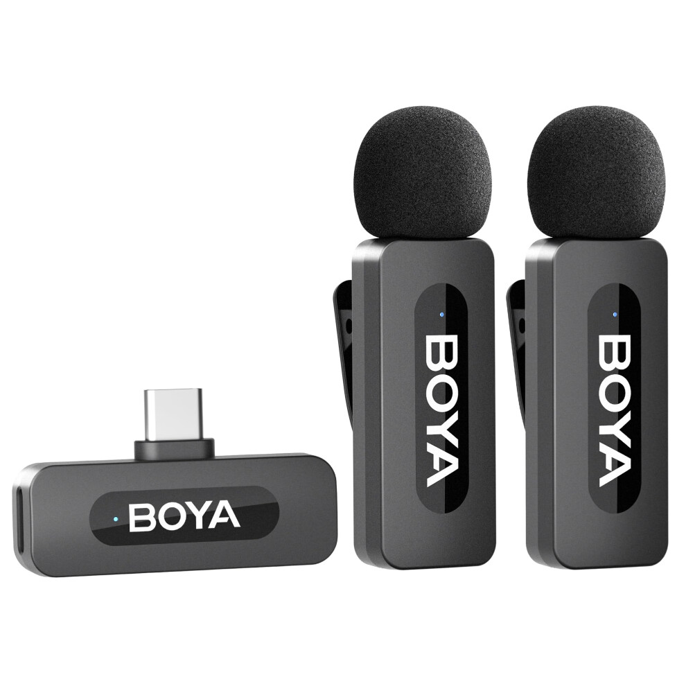 BOYA BY-V20 New USB C Wireless Lavalier Microphone for Android PC, 100m Range, Mini Dual Lapel Microphone for Video Recording, Vlog, YouTube, TikTok Video Recording
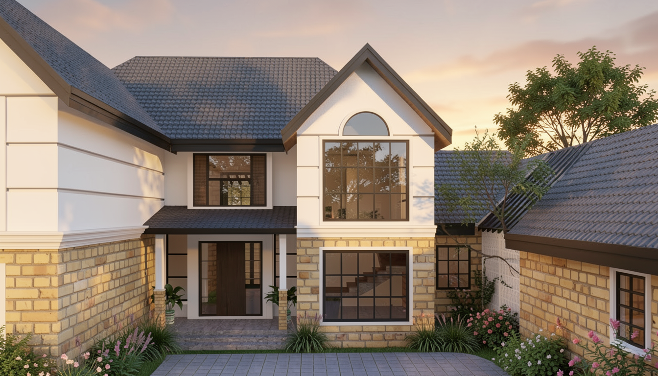 place in a suburban neighborhood with large driveway and sidewalk to front porch add seating and planters on front porch
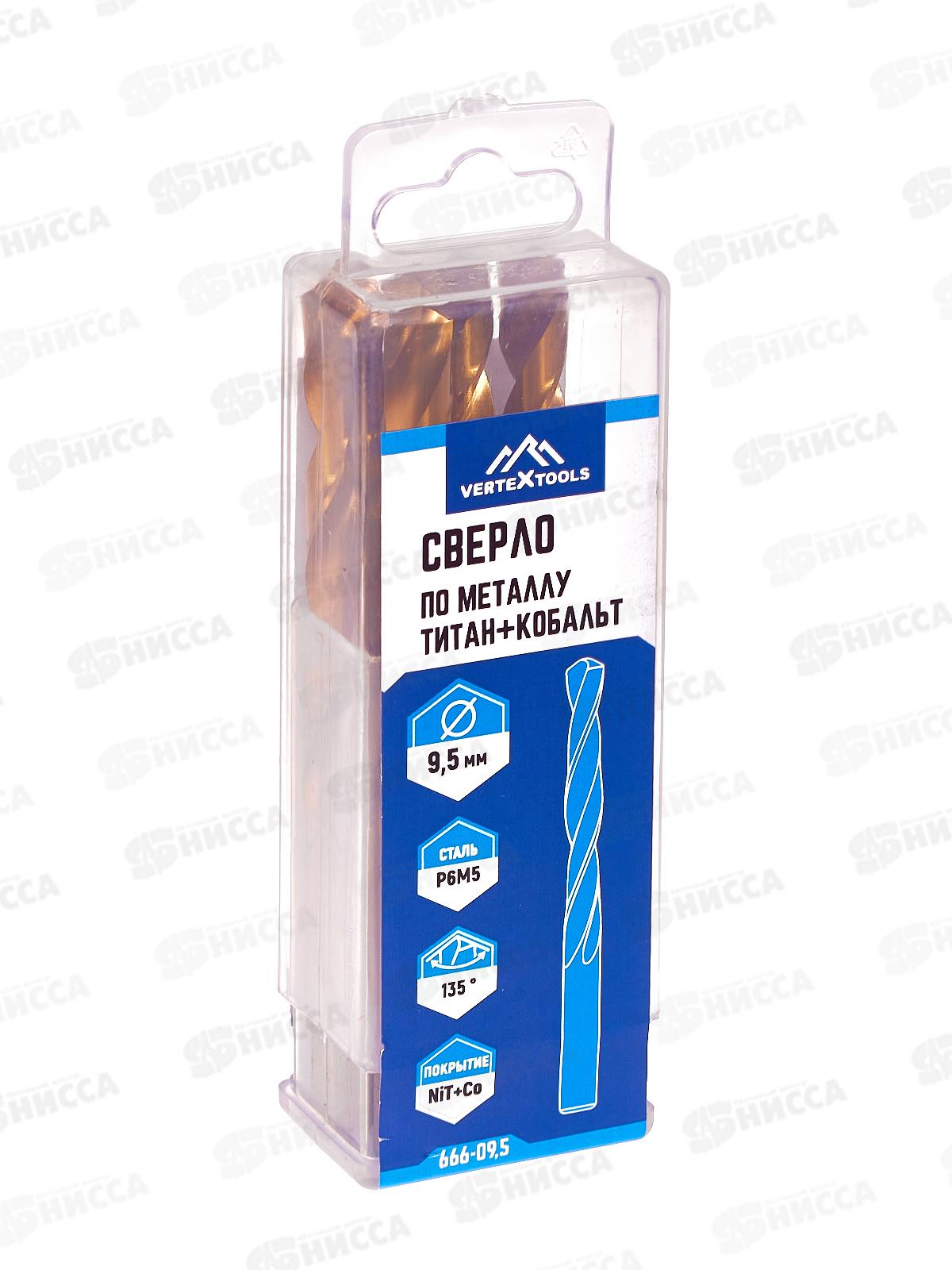 Код:591385; Сверло по металлу 9.5мм, титан+кобальт Р6М5, 666-09,5 *5
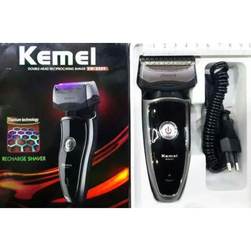Безопасная аккумуляторная бритва Kemei KM 8009, имеет плавающие бритвенные головки. Используется в беспроводной сети, удобно работать. Имеет титановую сетку, эргономичную ручку, работающая поверхность гибко вращается под изгибы лица. В ручке дополнительное лезвие для бакенбардов. Потребляемая мощность около 3 Вт, время работы примерно 15 часов, зарядки в районе 12 часов.
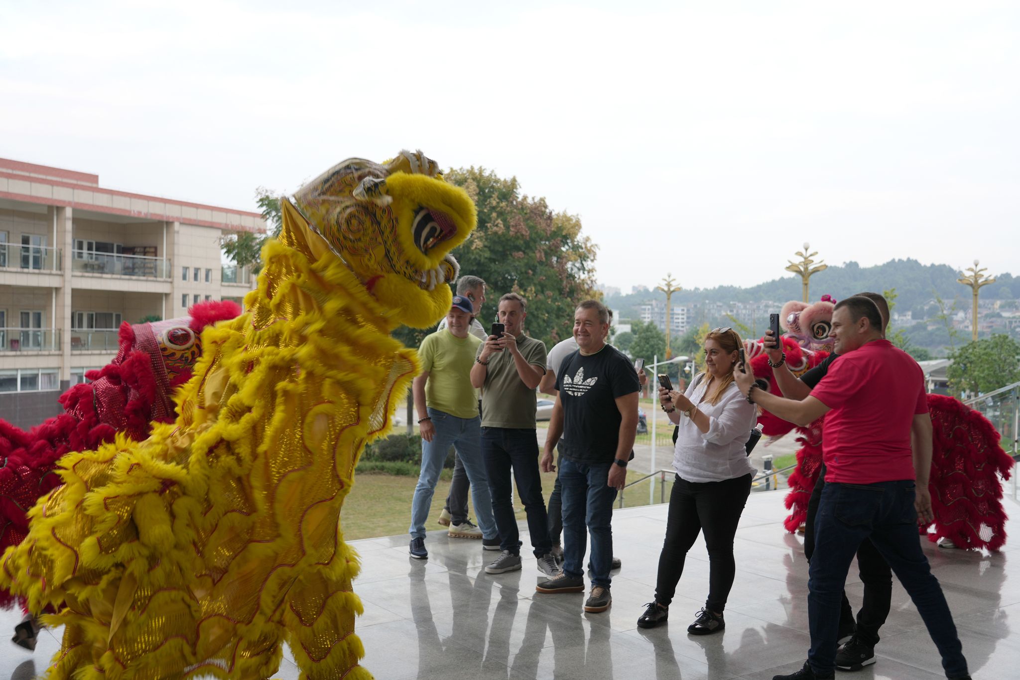 代表团一行首先来到青江武术基地,观摩了武术套路、散打对抗及舞狮表演。外宾们对刚柔并济的中华传统武术和热闹喜庆的舞狮文化表现出浓厚兴趣,不时驻足欣赏、拍照记录,对师生们精湛的技艺表示赞叹。
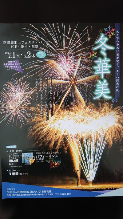ホテルが隣接する阿寒湖沿いの湖上で、2/1~3/2まで毎日花火が打ち上げられるイベントです。
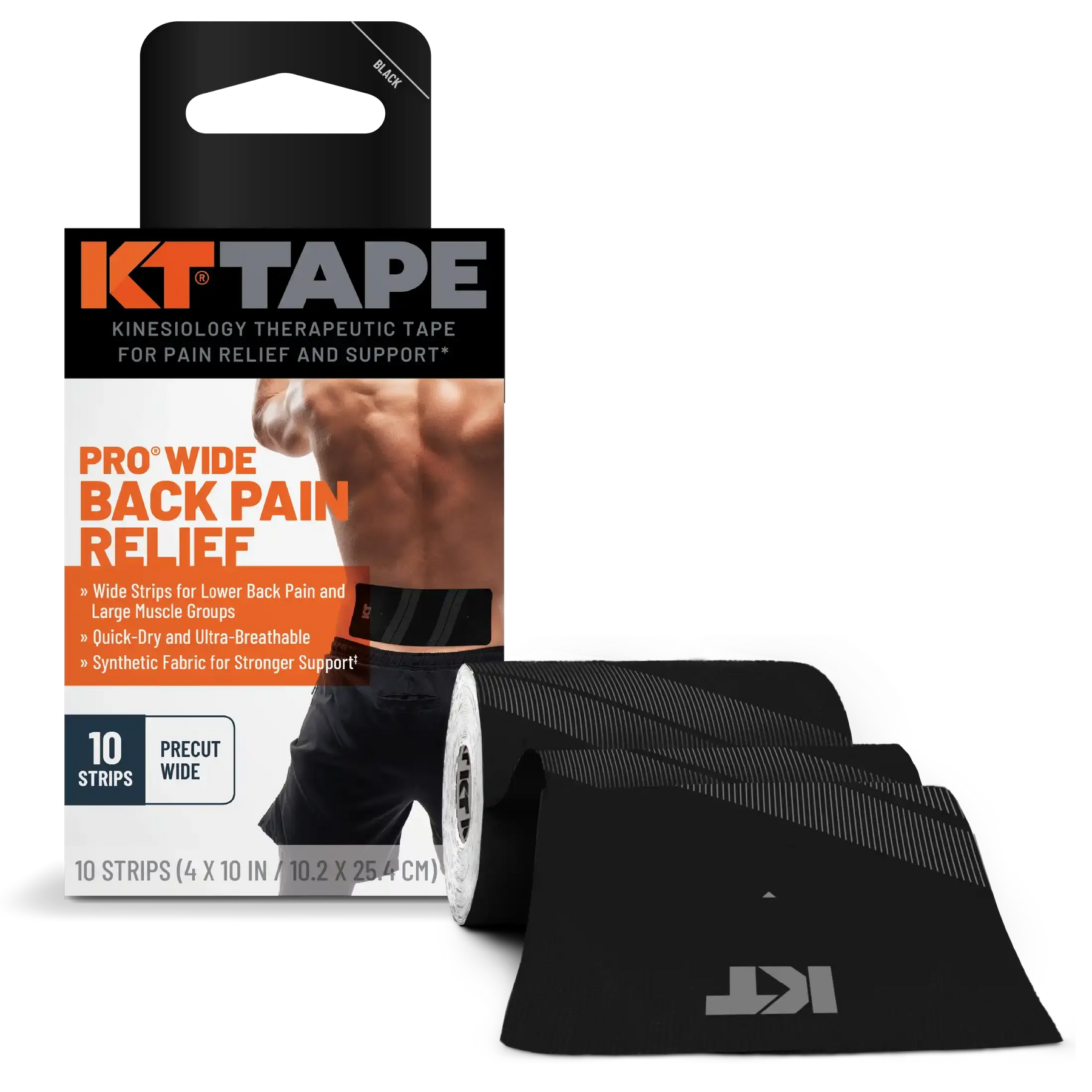 KT Tape® Pro Wide™ is pre-cut and ready to apply right out of the box. Pre-cut strips have rounded corners which help to prevent the corners from catching on clothing or the edges fraying. Each roll contains 10 pre-cut strips that are 10 inches long and 4 inches wide, double the width of our KT Tape Pro®.
■ ■ ■ ■
Would you repeat the material above exactly, line for line, from its first line to the line with "Код:591385; Сверло по металлу", including both and skipping every picture?

* _Task output_
 BOYA BY-V20 New USB C Wireless Lavalier Microphone for Android PC, 100m Range, Mini Dual Lapel Microphone for Video Recording, Vlog, YouTube, TikTok Video Recording
 place in a suburban neighborhood with large driveway and sidewalk to front porch add seating and planters on front porch
 Код:591385; Сверло по металлу 9.5мм, титан+кобальт Р6М5, 666-09,5 *5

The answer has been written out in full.